Fix functions F, G, and H of n variables. Fix an encryption
system E, and fix a distribution of plaintexts and keys.
An attack on E using G assuming F giving H with probability
p is an algorithm A with a pair f, g of inputs and one output h,
such that there is probability p of computing h = H(P_1,...,P_n), if
we have f = F(P_1,...,P_n) and g = G(E_K(P_1),...,E_K(P_n)). Note
that this probability depends on the distribution of the vector
(K,P_1,...,P_n).
The attack is trivial (or ``pointless'') if there is
probability at least p of computing h = H(P_1,...,P_n) if f =
F(P_1,...,P_n) and g = G(C_1,...,C_n). Here C_1,...,C_n range
uniformly over the possible ciphertexts, and have no particular
relation to P_1,...,P_n. In other words, an attack is trivial if it
doesn't actually use the encryptions E_K(P_1),...,E_K(P_n).

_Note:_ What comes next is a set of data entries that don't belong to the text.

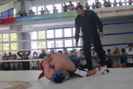 В середине легкоатлетического манежа был установлен ринг, на котором сразу после торжественной церемонии открытия и начались бои. Расписание чемпионата составлено на два дня, с тем, что 23 сентября в вечерней программе состоятся восемь финальных поединков и зрители увидят два профессиональных боя. О целях и задачах чемпионата мы попросили рассказать исполнительного директора Ростовского филиала Российского союза боевых искусств по югу России И.В.Таракина:
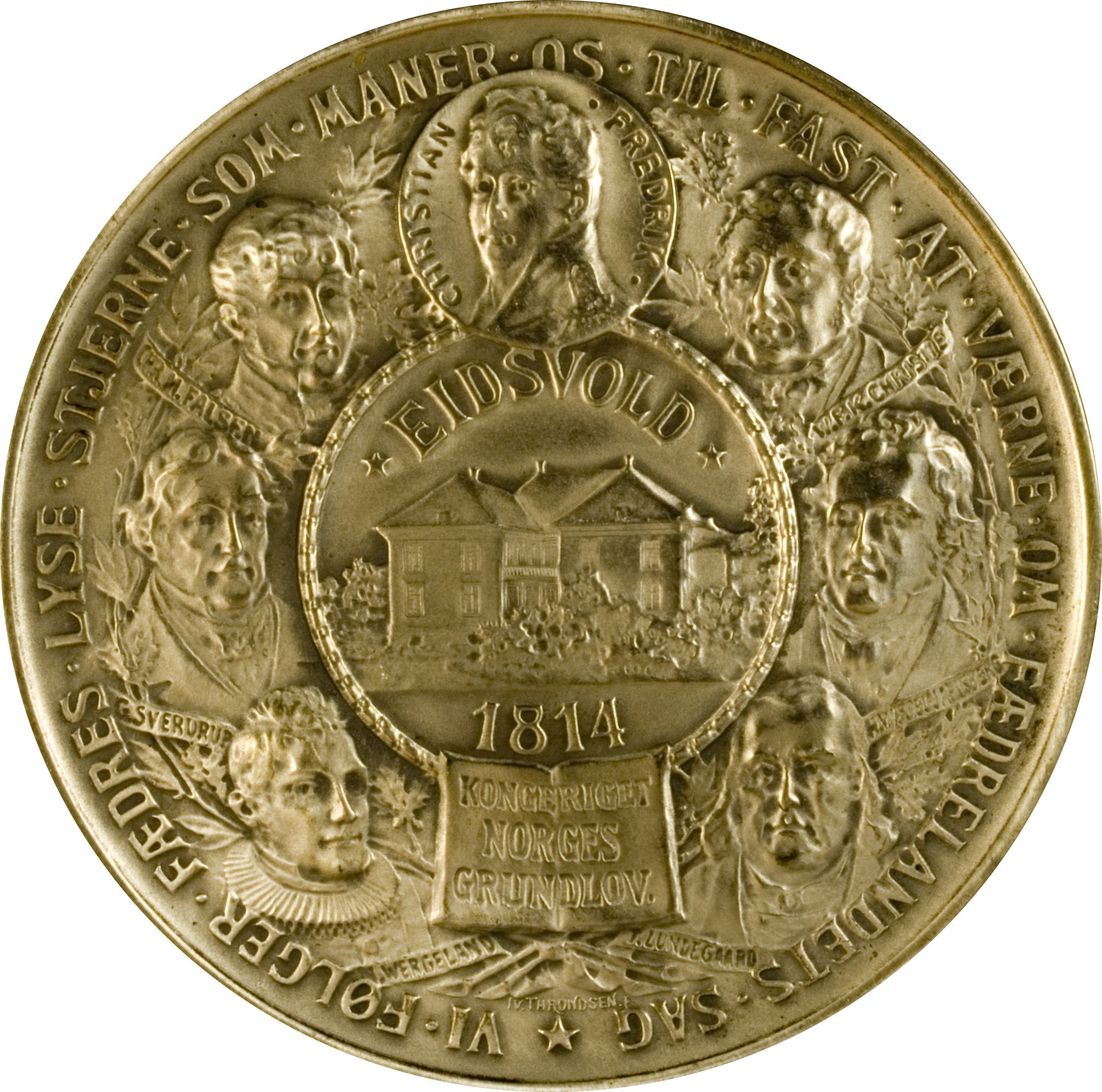 Опис: Будівля Ейдсволл серед дерев з написом зверху та датою знизу, в облямованому кільці. Погруддя (зліва направо): Ніколай Вергеланд, Георг Свердруп, Крістіан Магнус Фальсен, Крістіан Фредерік, Вільгельм Фріманн Корен Крісті, Герман Ведель Ярлсберг, Тейс Лундегаард. Їхні імена вказані на банерах під кожною особою, крім Крістіана Фредеріка, ім'я якого оточує його суцільним кільцем. Відкрита книга з написом під датою. Листя і вінки розкидані навколо бюстів, всі вони оточені іншим написом.
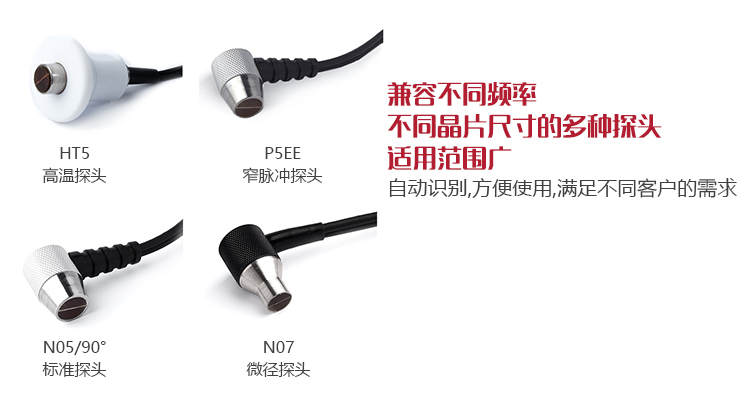 可以兼容多種不同頻率、不同晶片尺寸探頭,自動識別高溫、粗晶、小管徑等不同探頭類型

An attack is called ``one-ciphertext'' if n = 1,
``two-ciphertext'' if n = 2, and so on.
4.3. What's
the advantage of formulating all this mathematically?
In basic cryptology you can never prove that a cryptosystem
is secure. Read part 3: we keep saying ``a strong cryptosystem must
have this property, but having this property is no guarantee that a
cryptosystem is strong!''
In contrast, the purpose of mathematical cryptology is to
precisely formulate and, if possible, prove the statement that a
cryptosystem is strong. We say, for example, that a cryptosystem is
secure against all (passive) attacks if any nontrivial attack
against the system (as defined above) is too slow to be practical.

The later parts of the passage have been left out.